Your task: Set down every record below exactly as it stands, with the pictures omitted.

--- Data for the task Enclosed Below ---

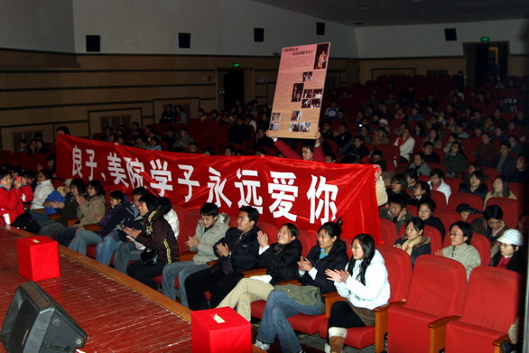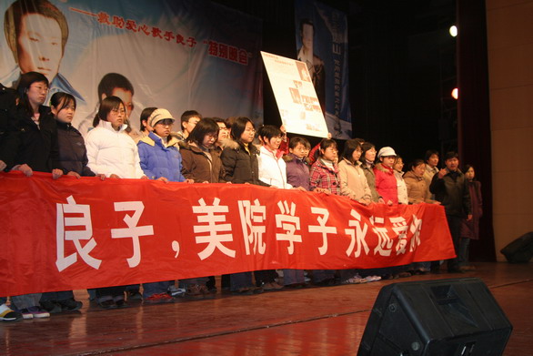 12月3日晚,我院学子“关注血癌歌手良子”的活动再次在历山剧院上演。40多名学生代表打着“良子,美院学子永远爱你”的条幅,在团委副书记王妍的带领下顶着严寒来到“为奉献者奉献——救助爱心歌手良子特别晚会”现场,共同为良子祈祷。聂亚陆同学登台演唱《好大一棵树》,向良子送上全院师生的祝福:“我们每一个人在心中为你种下一棵生命的常青树,愿您的生命之花点燃人世的爱心,愿世间所有的温暖与力量集结于您一身,愿您的生命自强不息、丰硕无比”,言辞之间,深切表达了对良子的关心和关爱之情。寒夜情暖,美院学子为奉献者燃烧爱的火焰。
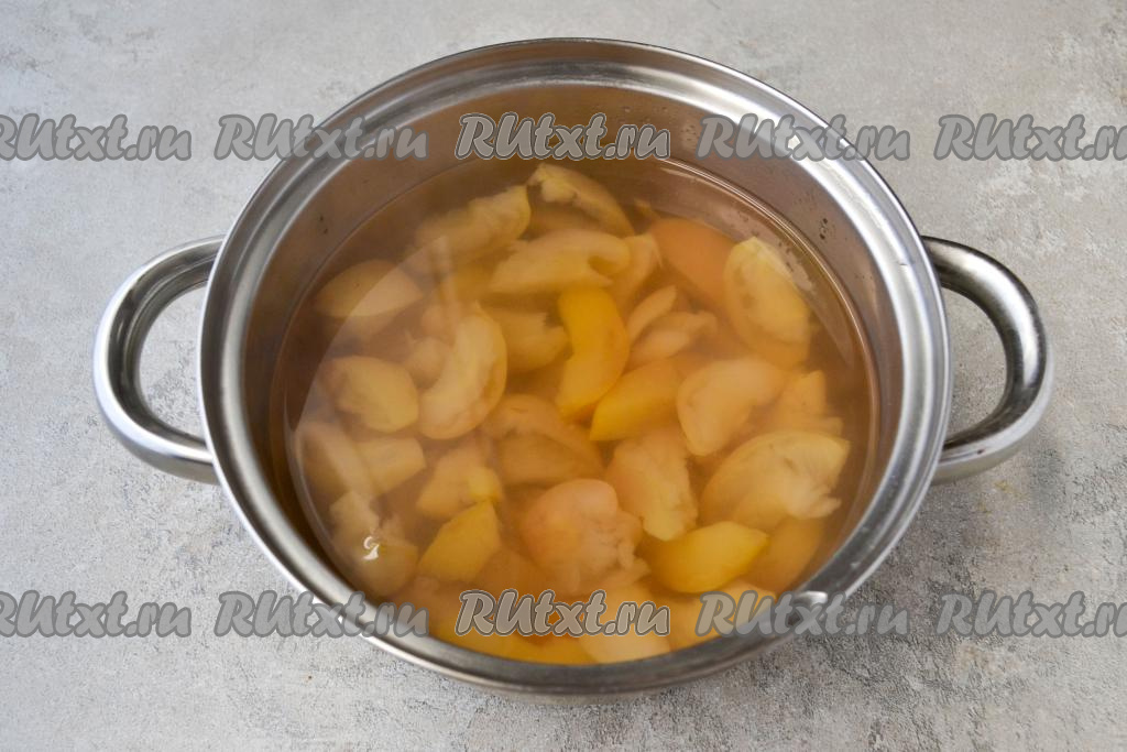 Яблоки тщательно вымойте, разрежьте на дольки, удалите семенные коробочки, кожуру я срезать не стала. 300 грамм подготовленных яблок сложите в кастрюлю.
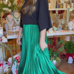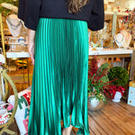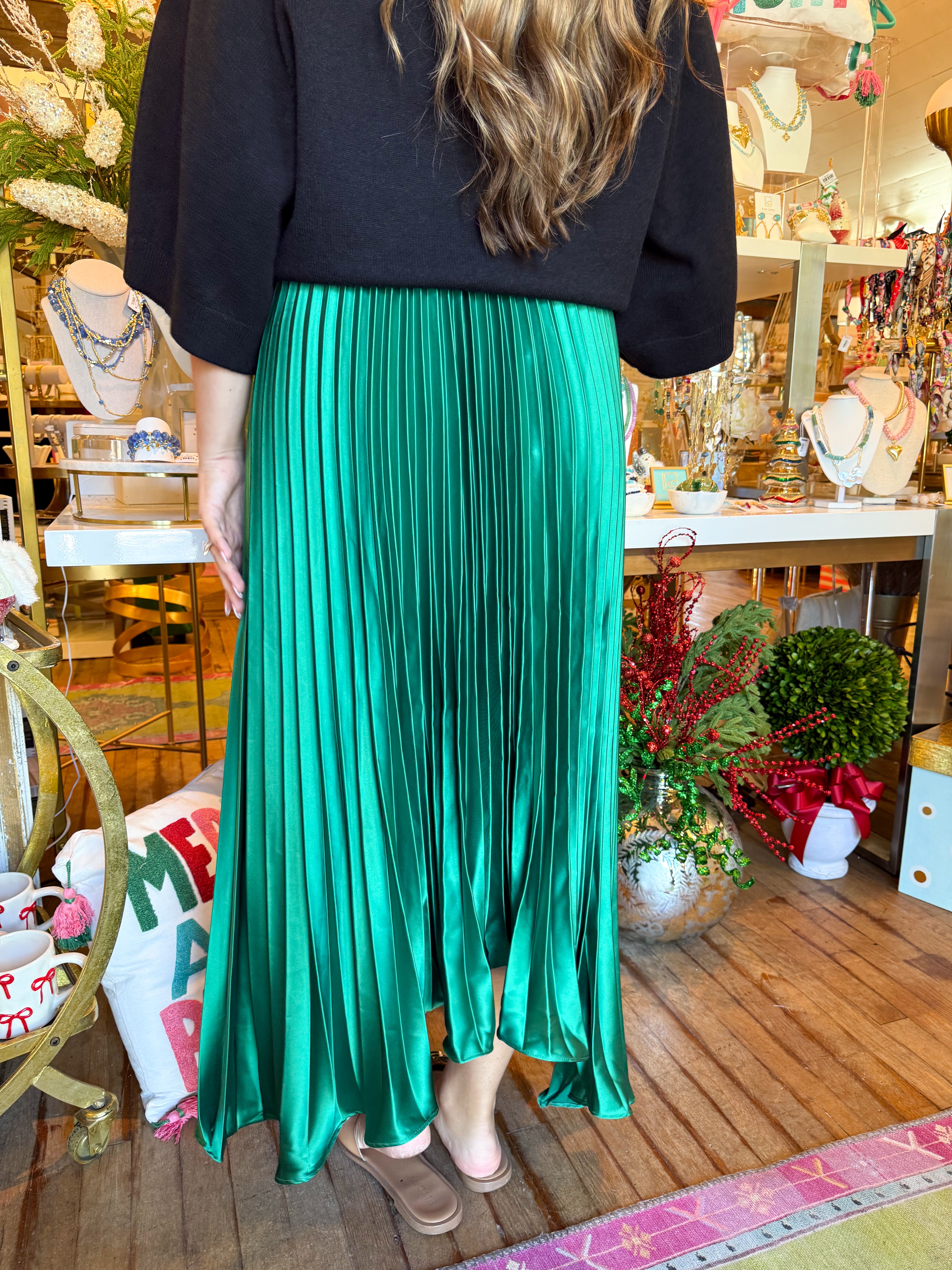 Turn heads with the Millie Midi Skirt, featuring emerald green pleats and a flirty asymmetrical cut that dances with every step.
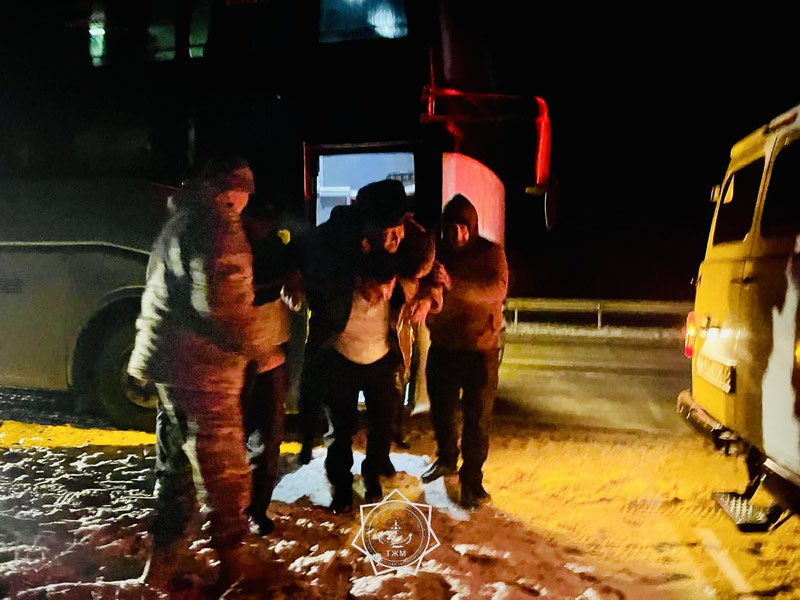 Қутқарувчилар автобус йўловчиларини, жумладан, 2 болани Шакпак қишлоғидаги исиниш пунктига олиб боришган.
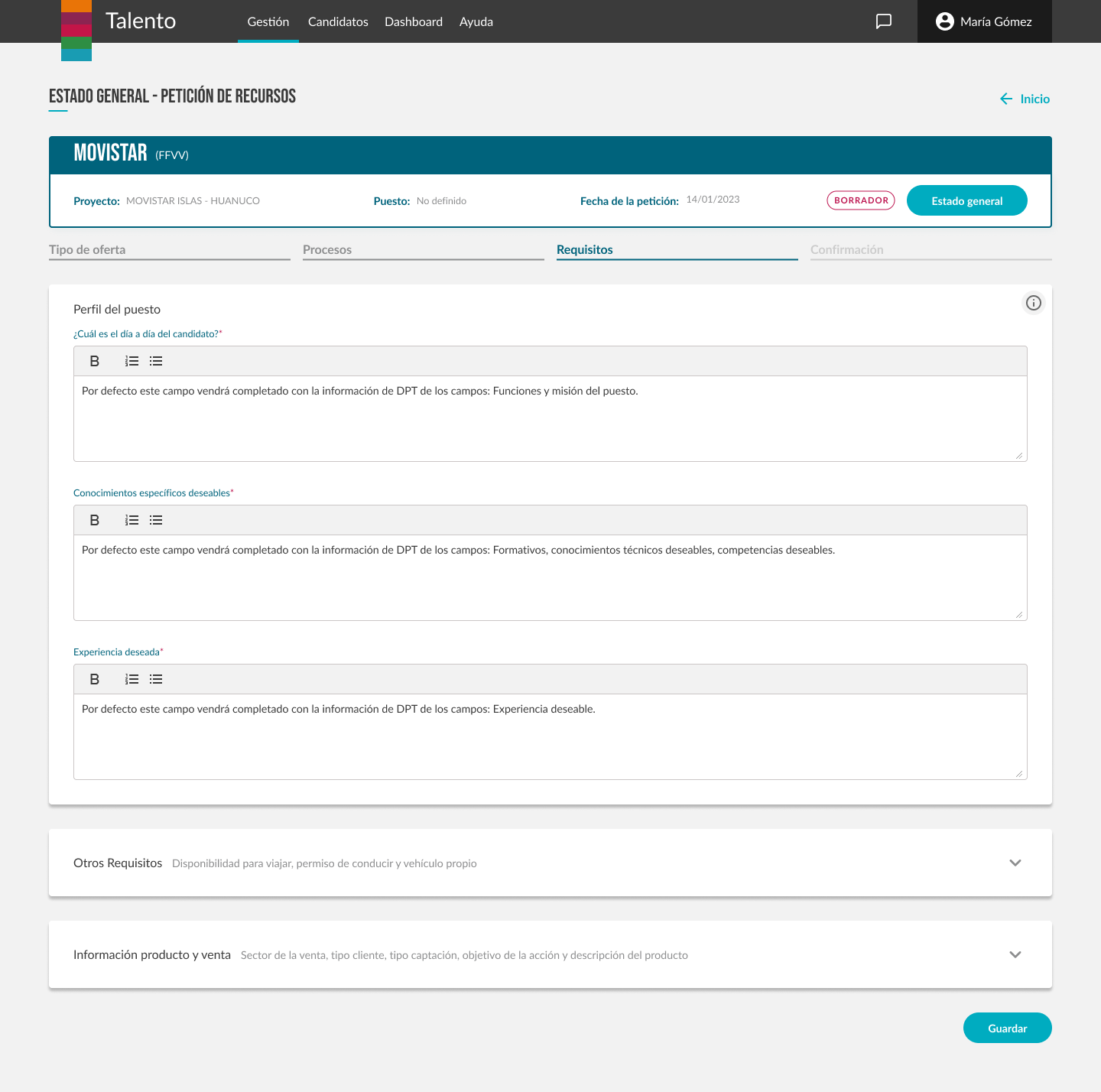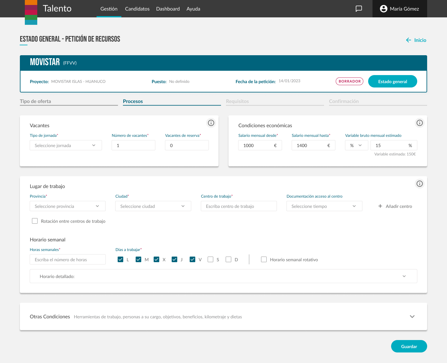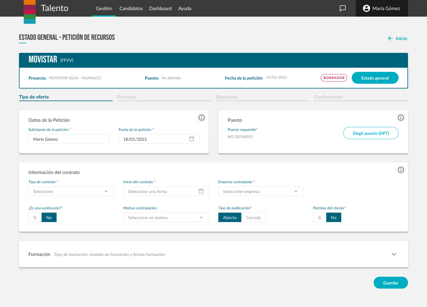 Por ejemplo, la creación de peticiones de necesidad (vacantes), o las etapas del candidato en nuestros procesos, fueron reiteradas varias veces hasta obtener una funcionalidad completamente adecuada y adaptada a todos los equipos.
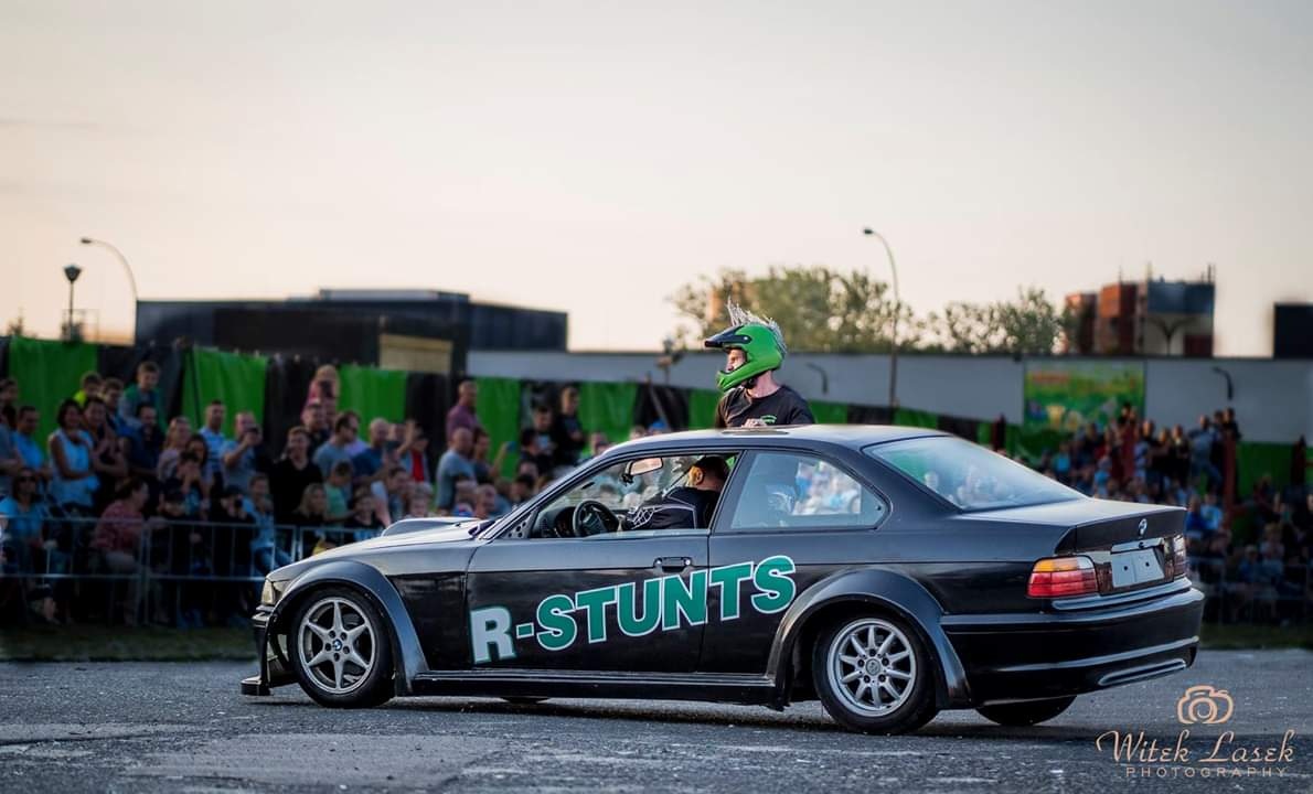 • przebijanie głową płonącej ściany będąc jednocześnie na masce BMW,
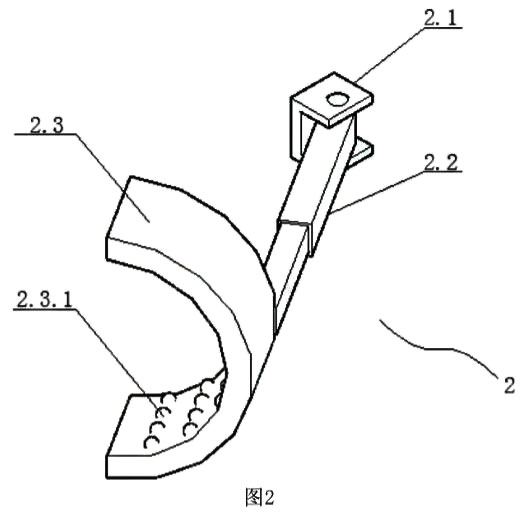 如圖2所示,所述定位裝置2包括U型連接組件2.1、可轉(zhuǎn)動伸縮桿2.2、夾持弧形件2.3,所述U型連接組件2.1固定在所述測量導(dǎo)管1.2上,所述可轉(zhuǎn)動伸縮桿2.2為長方形伸縮桿,所述可轉(zhuǎn)動伸縮桿2.2的右端部位通過銷軸與所述U型連接組件2.1鉸接,所述夾持弧形件2.3固定在所述可轉(zhuǎn)動伸縮桿2.2的左端面,所述夾持弧形件2.3上設(shè)有滾珠2.3.1,若干個所述滾珠2.3.1位于所述夾持弧形件2.3的內(nèi)側(cè)表面上,所述滾珠2.3.1可相對所述夾持弧形件2.3滾動。
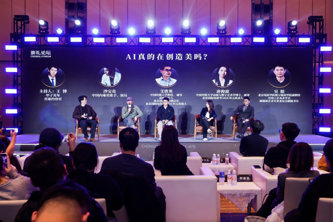 随后,一场名为《AI真的在创造美吗?》的圆桌对话将讨论推向高潮。中国内地男歌手、演员沙宝亮;中国传媒大学教授、硕导,动画制片人艾胜英;中国传媒大学动画与数字艺术学博士、硕导,北京国际电影节AIGC单元负责人唐俊淑;北京电影学院数字媒体学院副教授吴限同台共议AI与美。
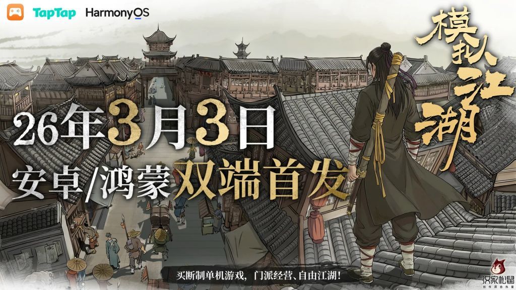 1.汉家松鼠跳票多年的竖屏武侠沙盒游戏模拟江湖终于发售,不过目前仅限tap安卓端和鸿蒙系统。
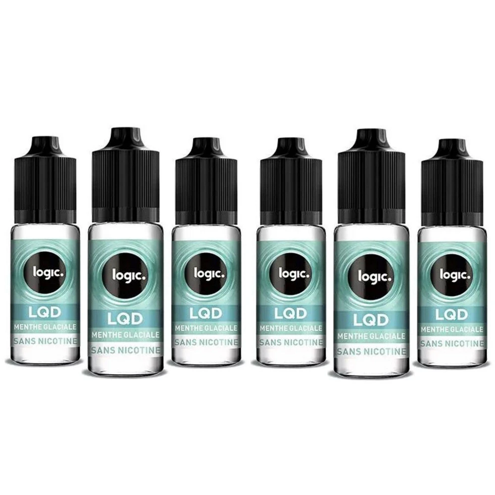 6 Flacons de 10 ml en plastique de E-Liquide Logic LQD goût Menthe Glaciale sans nicotine
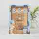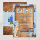 Baby Boy Blue Gingham Wood Flowers Baby Q Barbecue Invitation
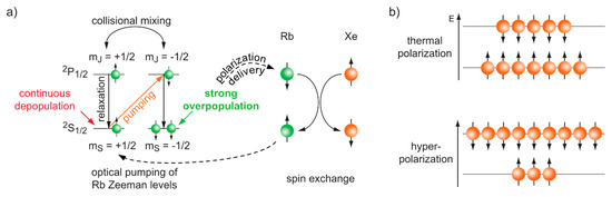 Hyperpolarization of 129Xe through SEOP. (a) Optical pumping of the Rb electron system and subsequent spin transfer onto Xe in a binary collision. (b) Enhanced population difference in the hp spin system compared to the condition with thermal polarization. In this case, the pumped Rb system causes an overpopulation of the upper Xe spin energy level. The eventually detected signal is proportional to the polarization P and the spin density.
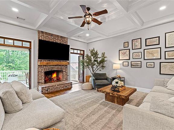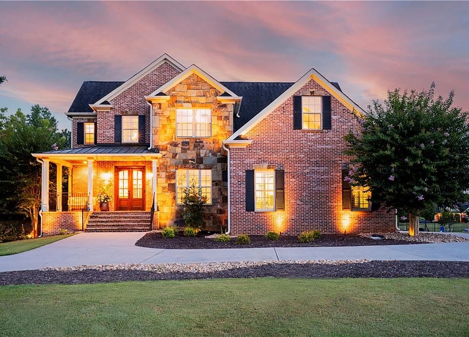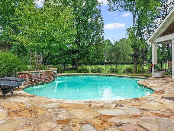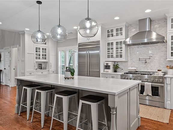 Private luxury retreat nestled on a 1.45 acre level, manicured lot with a stocked pond. This stunning four-sided brick estate showcases an elegant circular drive and a 4-car garage, offering both curb appeal and an abundance of parking. Inside, a grand foyer leads to a formal dining room with custom trim. The heart of the home is an exquisite island kitchen featuring quartz countertops, a pot filler, ceiling-high custom cabinetry with wood and glass doors, a built-in refrigerator, coffee bar, and top-tier stainless appliances — all open to a spacious fireside family room. Hardwood floors run throughout the home, including the luxurious primary suite with a spa-inspired bath, soaking tub, dual vanities, and spacious walk-in closet. The family room leads to a covered back porch overlooking the pool area and offers a grilling deck. Upstairs, two generously sized secondary bedrooms offer private en-suite baths, the third bedroom has access to the baths. The finished terrace level offers a full in-law or teen suite with its own entrance, complete with a fireside bedroom, full 2nd kitchen, family room, gym/flex garage, walk-in closet, full bath, and covered back porch — the perfect multi-generational/teen setup. Enjoy resort-style outdoor living with a heated in-ground pool, flagstone patio, wrought iron fencing, and a covered poolside fireplace lounge — ideal for year-round entertaining. Detached garage offers a dedicated office upstairs, perfect for remote work. Luxury, comfort, and space await. Call today to see this gorgeous home. Sellers offering a $5000 paint allowance for the exterior trim

--- End of Enclosed Data for the task ---

Response to this exercise:
 12月3日晚,我院学子“关注血癌歌手良子”的活动再次在历山剧院上演。40多名学生代表打着“良子,美院学子永远爱你”的条幅,在团委副书记王妍的带领下顶着严寒来到“为奉献者奉献——救助爱心歌手良子特别晚会”现场,共同为良子祈祷。聂亚陆同学登台演唱《好大一棵树》,向良子送上全院师生的祝福:“我们每一个人在心中为你种下一棵生命的常青树,愿您的生命之花点燃人世的爱心,愿世间所有的温暖与力量集结于您一身,愿您的生命自强不息、丰硕无比”,言辞之间,深切表达了对良子的关心和关爱之情。寒夜情暖,美院学子为奉献者燃烧爱的火焰。
 Яблоки тщательно вымойте, разрежьте на дольки, удалите семенные коробочки, кожуру я срезать не стала. 300 грамм подготовленных яблок сложите в кастрюлю.
 Turn heads with the Millie Midi Skirt, featuring emerald green pleats and a flirty asymmetrical cut that dances with every step.
 Қутқарувчилар автобус йўловчиларини, жумладан, 2 болани Шакпак қишлоғидаги исиниш пунктига олиб боришган.
 Por ejemplo, la creación de peticiones de necesidad (vacantes), o las etapas del candidato en nuestros procesos, fueron reiteradas varias veces hasta obtener una funcionalidad completamente adecuada y adaptada a todos los equipos.
 • przebijanie głową płonącej ściany będąc jednocześnie na masce BMW,
 如圖2所示,所述定位裝置2包括U型連接組件2.1、可轉(zhuǎn)動伸縮桿2.2、夾持弧形件2.3,所述U型連接組件2.1固定在所述測量導(dǎo)管1.2上,所述可轉(zhuǎn)動伸縮桿2.2為長方形伸縮桿,所述可轉(zhuǎn)動伸縮桿2.2的右端部位通過銷軸與所述U型連接組件2.1鉸接,所述夾持弧形件2.3固定在所述可轉(zhuǎn)動伸縮桿2.2的左端面,所述夾持弧形件2.3上設(shè)有滾珠2.3.1,若干個所述滾珠2.3.1位于所述夾持弧形件2.3的內(nèi)側(cè)表面上,所述滾珠2.3.1可相對所述夾持弧形件2.3滾動。
 随后,一场名为《AI真的在创造美吗?》的圆桌对话将讨论推向高潮。中国内地男歌手、演员沙宝亮;中国传媒大学教授、硕导,动画制片人艾胜英;中国传媒大学动画与数字艺术学博士、硕导,北京国际电影节AIGC单元负责人唐俊淑;北京电影学院数字媒体学院副教授吴限同台共议AI与美。
 1.汉家松鼠跳票多年的竖屏武侠沙盒游戏模拟江湖终于发售,不过目前仅限tap安卓端和鸿蒙系统。
 6 Flacons de 10 ml en plastique de E-Liquide Logic LQD goût Menthe Glaciale sans nicotine
 Baby Boy Blue Gingham Wood Flowers Baby Q Barbecue Invitation
 Hyperpolarization of 129Xe through SEOP. (a) Optical pumping of the Rb electron system and subsequent spin transfer onto Xe in a binary collision. (b) Enhanced population difference in the hp spin system compared to the condition with thermal polarization. In this case, the pumped Rb system causes an overpopulation of the upper Xe spin energy level. The eventually detected signal is proportional to the polarization P and the spin density.
 Private luxury retreat nestled on a 1.45 acre level, manicured lot with a stocked pond. This stunning four-sided brick estate showcases an elegant circular drive and a 4-car garage, offering both curb appeal and an abundance of parking. Inside, a grand foyer leads to a formal dining room with custom trim. The heart of the home is an exquisite island kitchen featuring quartz countertops, a pot filler, ceiling-high custom cabinetry with wood and glass doors, a built-in refrigerator, coffee bar, and top-tier stainless appliances — all open to a spacious fireside family room. Hardwood floors run throughout the home, including the luxurious primary suite with a spa-inspired bath, soaking tub, dual vanities, and spacious walk-in closet. The family room leads to a covered back porch overlooking the pool area and offers a grilling deck. Upstairs, two generously sized secondary bedrooms offer private en-suite baths, the third bedroom has access to the baths. The finished terrace level offers a full in-law or teen suite with its own entrance, complete with a fireside bedroom, full 2nd kitchen, family room, gym/flex garage, walk-in closet, full bath, and covered back porch — the perfect multi-generational/teen setup. Enjoy resort-style outdoor living with a heated in-ground pool, flagstone patio, wrought iron fencing, and a covered poolside fireplace lounge — ideal for year-round entertaining. Detached garage offers a dedicated office upstairs, perfect for remote work. Luxury, comfort, and space await. Call today to see this gorgeous home. Sellers offering a $5000 paint allowance for the exterior trim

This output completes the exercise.